▸ EXERCISE DATA:
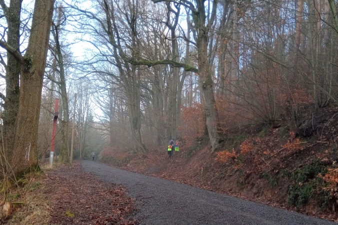 Du hast nun ¼ hinter dir und einen ordentlichen steilen Aufstieg heraus aus dem Talgrund vor dir. Hier haben sie auch ein paar Stufen, etwas Asphalt, aber oben dann breite Waldwege und holprige Trails, alles unter Bäumen. Die gute Aussicht zurück kommt später dazu. Dieses Teilstück hat ungefähr 10 km und so manche Falle zu bieten. Abzweige sind manchmal schwer zu finden, das GPS-Signal ist nicht soo genau und auch nicht soo flott. Wohl wegen der Bäume. Manche stellen sich dieser Herausforderung gern und intensivieren das Lauferlebnis durch reizvolle kleine Umwege…aber was solls, solange du in der cutoff-Zeit von 4,5 Stunden am VP2 ankommst, ist es egal.
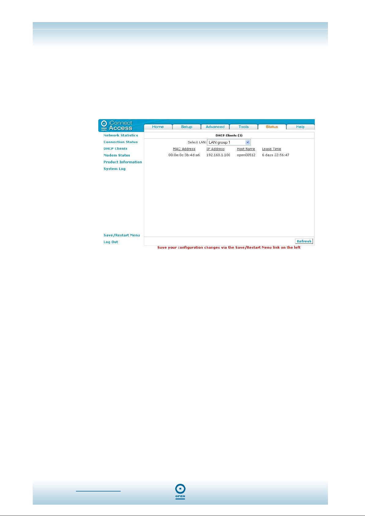 Select the DHCP Clients menu item from the Status menu list to view the list of DHCP
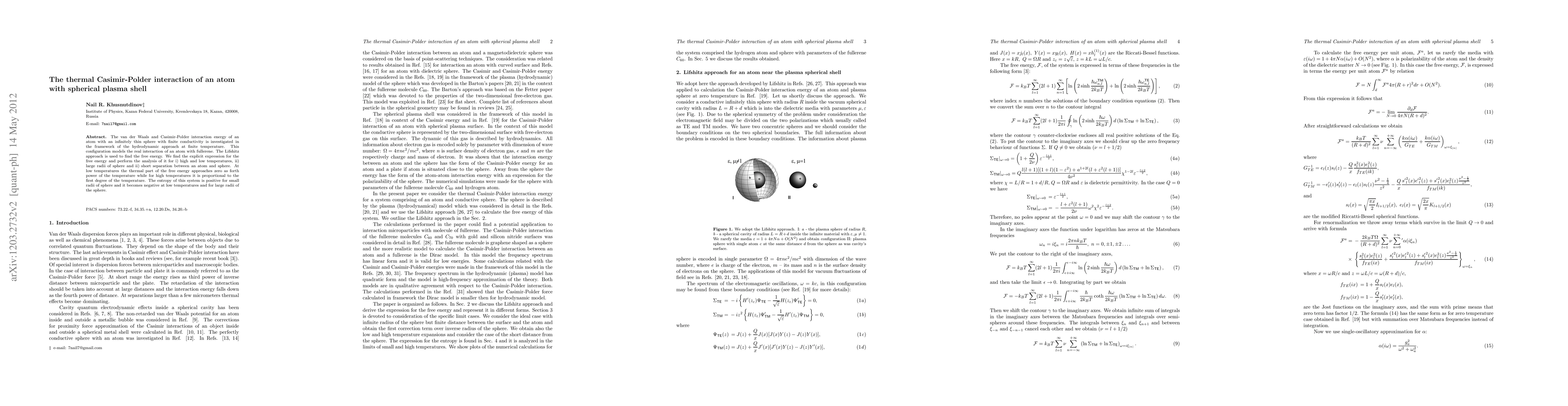 The van der Waals and Casimir-Polder interaction energy of an atom with an infinitely thin sphere with finite conductivity is investigated in the framework of the hydrodynamic approach at finite temperature. This configuration models the real interaction of an atom with fullerene. The Lifshitz approach is used to find the free energy. We find the explicit expression for the free energy and perform the analysis of it for i) high and low temperatures, ii) large radii of sphere and ii) short separation between an atom and sphere. At low temperatures the thermal part of the free energy approaches zero as forth power of the temperature while for high temperatures it is proportional to the first degree of the temperature. The entropy of this system is positive for small radii of sphere and it becomes negative at low temperatures and for large radii of the sphere.
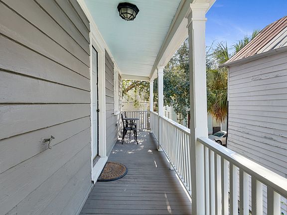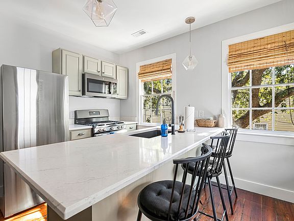This one bedroom, one bathroom apartment in Charleston's charming Elliotborough is perfect for someone wanting minimal space while still enjoying all that living in the city has to offer! This apartment is located on the second floor of a classic Charleston single home. Walk up the stairs and you are greeted by the spacious porch. This is the perfect place to people watch over tree-lined Bogard Street or enjoy a morning cup of coffee while enjoying the beautiful Charleston weather. Enter through the front door and you are greeted by the light filled, airy space. The living room features a comfortable couch and chair, perfect for lounging or watching a movie on the smart TV. The exposed brick fireplace, while not operational, adds loads of charm to the space. The kitchen is small yet equipped with all of the necessities, including stainless steel appliances, cabinet space, and even seating for three at the kitchen island. Just beyond the living room and separated by the fireplace is the cozy bedroom. Here you will find a full size bed, plenty of closet space, and a desk and chair for all of your work from home needs! The bathroom features a gorgeous tile shower and open shelving for storage. There is also a full size washer/dryer in the apartment.

▸ DIRECTIONS FOR THIS TASK: The lines above starting at the one that holds "Select the DHCP" and ending at the one that holds "The van der" are to be written out exactly, ends included, and no pictures are to be copied.

▸ EXPECTED ANSWER:
 Select the DHCP Clients menu item from the Status menu list to view the list of DHCP
 The van der Waals and Casimir-Polder interaction energy of an atom with an infinitely thin sphere with finite conductivity is investigated in the framework of the hydrodynamic approach at finite temperature. This configuration models the real interaction of an atom with fullerene. The Lifshitz approach is used to find the free energy. We find the explicit expression for the free energy and perform the analysis of it for i) high and low temperatures, ii) large radii of sphere and ii) short separation between an atom and sphere. At low temperatures the thermal part of the free energy approaches zero as forth power of the temperature while for high temperatures it is proportional to the first degree of the temperature. The entropy of this system is positive for small radii of sphere and it becomes negative at low temperatures and for large radii of the sphere.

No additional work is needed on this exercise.